Biologicamente, trata-se de um Gallus gallus domesticus. A sua existência é o resultado de uma das operações de inteligência corporativa mais bem-sucedidas da indústria de alimentos do Brasil.
Para entender como essa ave surgiu, é preciso voltar ao final da década de 1970. Naquela época, o Natal brasileiro tinha um dono: a Sadia. A gigante de alimentos detinha o monopólio do peru, a carne nobre das festas de fim de ano.
Para a concorrente Perdigão, sediada em Videira (SC), o mês de dezembro era um pesadelo contábil. Eles precisavam de um produto para disputar a ceia, mas tentar entrar no mercado de perus era logisticamente inviável e caro. O peru é uma ave sensível, de manejo difícil e ciclo longo.
Foi então que Saul Brandalise Jr., filho do fundador da Perdigão, deu uma ordem à diretoria: “Precisamos de um bicho que não seja o peru, mas que pareça nobre”.
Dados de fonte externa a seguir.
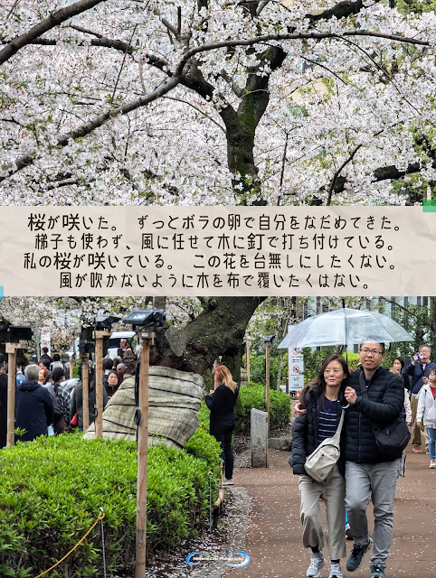 櫻花開了。這段時間我一直靠著鯔魚蛋安慰自己。我甚至都沒用梯子,只是把它們釘在樹上,讓風吹動。我的櫻花盛開了。我不想毀了這些花。我不想用布蓋住樹擋風。
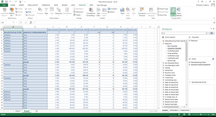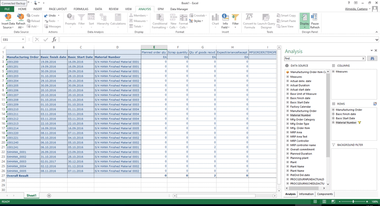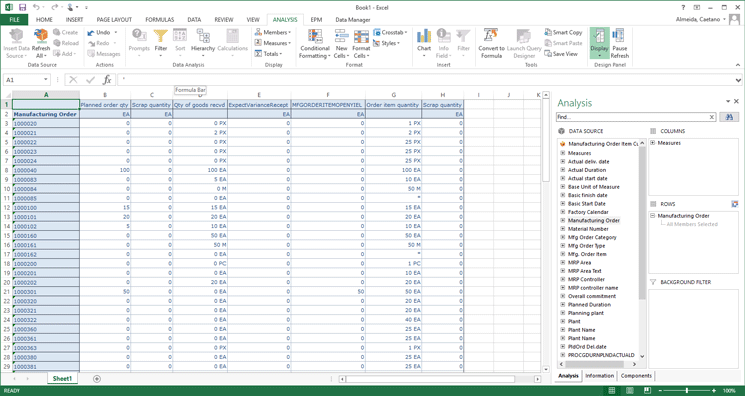 With the SAP BusinessObjects Analysis you can have the production order data in Microsoft Excel extracted directly from the SAP HANA database. It means that a confirmation posted into a production order will be immediately reflected in Excel and the business users will be able to take decisions effectively, based on live data.

A missão caiu no colo de Edésio Brandalise, então diretor da empresa (e tio do repórter Vitor Hugo Brandalise, que décadas depois revelaria os bastidores dessa história no podcast Rádio Novelo Apresenta). Edésio e dois técnicos embarcaram para os Estados Unidos, especificamente para o Cinturão do Milho, em uma viagem de prospecção que beirava a espionagem industrial.
A missão americana
O ano era 1979. A equipe da empresa não procurava uma nova espécie, mas sim uma linhagem genética específica. Eles visitaram feiras e criadores até encontrar o que buscavam em uma granja de Indiana: uma linhagem de frangos de origem escocesa que, devido a décadas de cruzamentos seletivos, desenvolvia uma musculatura peitoral extraordinária.
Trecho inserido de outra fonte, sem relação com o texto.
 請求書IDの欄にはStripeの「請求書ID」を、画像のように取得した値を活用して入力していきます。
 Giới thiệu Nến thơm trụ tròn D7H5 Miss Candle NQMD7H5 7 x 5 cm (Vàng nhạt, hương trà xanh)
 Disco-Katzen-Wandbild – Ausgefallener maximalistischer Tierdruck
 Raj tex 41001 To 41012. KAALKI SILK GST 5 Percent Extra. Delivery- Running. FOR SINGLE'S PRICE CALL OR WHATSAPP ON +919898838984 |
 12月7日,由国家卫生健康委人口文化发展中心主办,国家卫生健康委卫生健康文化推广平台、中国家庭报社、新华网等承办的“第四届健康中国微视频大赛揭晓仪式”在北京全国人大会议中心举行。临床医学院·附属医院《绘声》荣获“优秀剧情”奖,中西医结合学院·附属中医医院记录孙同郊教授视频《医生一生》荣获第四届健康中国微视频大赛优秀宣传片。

Eram aves pesadas, com muito mais carne do que osso.
O transporte dessa genética para o Brasil foi uma operação delicada. Não se trouxe os frangos vivos, mas sim os ovos fecundados dos “avós” da linhagem.
A carga chegou ao Aeroporto de Viracopos e seguiu, sob sigilo absoluto, para uma granja isolada no meio de uma floresta de araucárias na cidade de Tangará, em Santa Catarina. O local, conhecido como “Granja do Lago”, tornou-se o Fort Knox da avicultura brasileira.
Aqui entra a ciência que derruba o mito. O Chester não é transgênico. Na época, a manipulação genética em laboratório engatinhava. O que a Perdigão fez foi melhoramento genético clássico, a boa e velha Lei de Mendel.
Enfim, deu certo
Durante três anos, nas instalações de Tangará, os técnicos cruzaram o “galo com o maior peito” com a “galinha com o maior peito”. Repetiram o processo geração após geração. O objetivo era criar uma ave que concentrasse 70% de seu peso nas partes nobres (peito e coxas), ao contrário de um frango comum, que tem cerca de 45%.

Chester vivo — Foto: BRF/Divulgação
O nome de batismo foi uma sacada de marketing direta e internacional: veio da palavra inglesa “chest” (peito). O sufixo -er denota “aquele que tem”. Ou seja, Chester: aquele que tem muito peito.
O produto chegou aos supermercados em 1982. No início, o consumidor estranhou aquele “frangão”. Mas a estratégia de vender uma carne macia, suculenta e mais barata que o peru (e mais fácil de assar, pois não resseca tanto) funcionou. Em poucos anos, o Chester virou sinônimo de mesa farta.
Mas por que nunca vemos um Chester vivo? É isso que alimenta as lendas. A resposta é puramente comercial. O Chester é uma marca registrada da BRF (empresa resultante da fusão entre Sadia e Perdigão).
A genética é propriedade intelectual. As aves são criadas em granjas exclusivas, com biosseguridade nível máximo, para evitar que concorrentes roubem a linhagem ou que doenças dizimem o plantel.
Além disso, o ciclo de vida do Chester é mais longo. Enquanto um frango comum é abatido com cerca de 30 a 45 dias, o Chester vive cerca de 50 a 60 dias (chegando a 90 dias no passado) para atingir o peso ideal de 4kg. Eles não “explodem” de tanto comer, nem perdem as pernas.
Eles apenas crescem mais e são abatidos antes de atingirem a maturidade sexual plena, o que também garante que a genética não se espalhe, já que o consumidor compra a ave abatida.
O “monstro”, portanto, é apenas um triunfo do capitalismo. O Chester é um segredo bem guardado não porque seja uma aberração da natureza, mas porque, no disputado mercado das ceias de Natal, ele vale ouro.